- Born: April 15, 1928 Botoșani County, Kingdom of Romania
- Died: 16 August 2008 (aged 80) Bălți, Moldova
- Known for: Soviet dissident, human rights activist
- Awards: Homo Homini Award (2004)

= Gheorghe Briceag =

Gheorghe Briceag (15 April 1928 - 16 August 2008) was a Moldovan human rights activist notable for his opposition to Soviet rule. In the 1940s, Briceag was given a ten-year sentence in the gulag for distributing anti-communist flyers; he was forced to work in coal mines for the length of his sentence. His prisoner number was "P169". After his release, he was sentenced to seven more years of exile. He later became a symbol of resistance to Soviet occupation of Moldova.

In 2004, Briceag won the Homo Homini Award of the Czech NGO People in Need, which recognizes "an individual who is deserving of significant recognition due to their promotion of human rights, democracy and non-violent solutions to political conflicts". The award citation described him as "a life-long activist for the defense of human rights and the defense of other former Gulag prisoners in Moldova". The following year, he served on the Rudolf Vrba Jury for People in Need's One World International Human Rights Documentary Film Festival, serving with fellow Homo Homini-winner Ales Bialacki.

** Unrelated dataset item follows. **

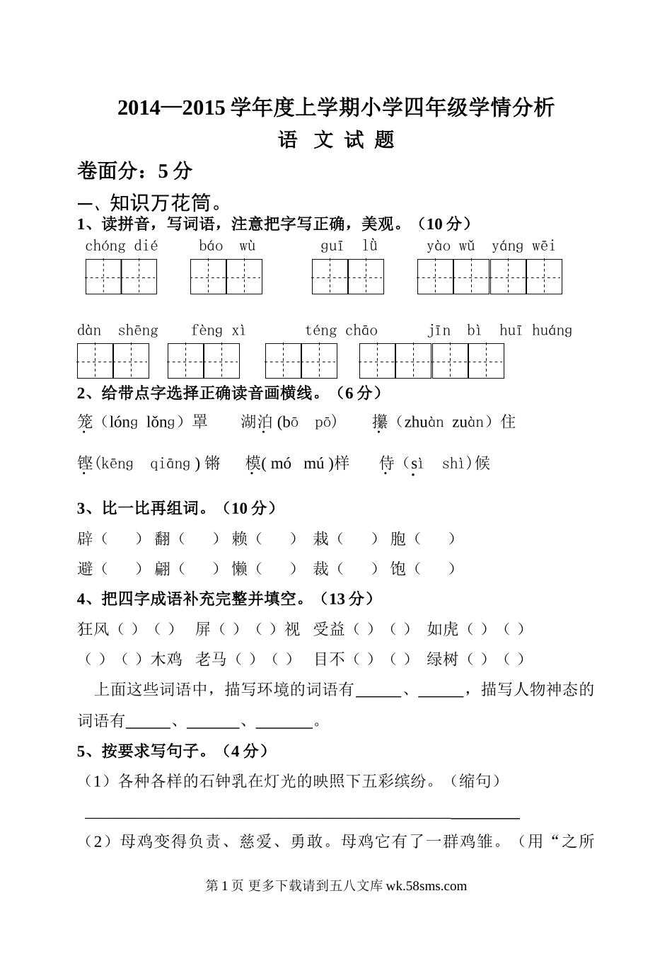 2014—2015学年度上学期小学四年级学情分析语文试题卷面分:5分一、知识万花筒。1、读拼音,写词语,注意把字写正确,美观。(10分)chóngdiébáowùɡuīlǜyàowǔyánɡwēidànshēngfènɡxìténgchāoj...

The same year, Briceag created controversy by opposing the re-installation of a statue of Vladimir Lenin in his hometown of Bălți. Briceag threatened to burn the statue down personally if it were completed. The Supreme Court of Moldova ultimately overruled the Bălți City Council's decision to allow the statue.

Briceag also worked with Amnesty International and served as the Bălți coordinator of the Helsinki Committee for Human Rights.

Briceag was noted for his large "Solzhenitsyn-style" beard. A few months before his death, he pledged to shave it if Moldova united with Romania, a move Moldova's communist party opposed. He publicly requested that his body be donated to Chișinău's Nicolae Testemițanu State University of Medicine and Pharmacy following his death.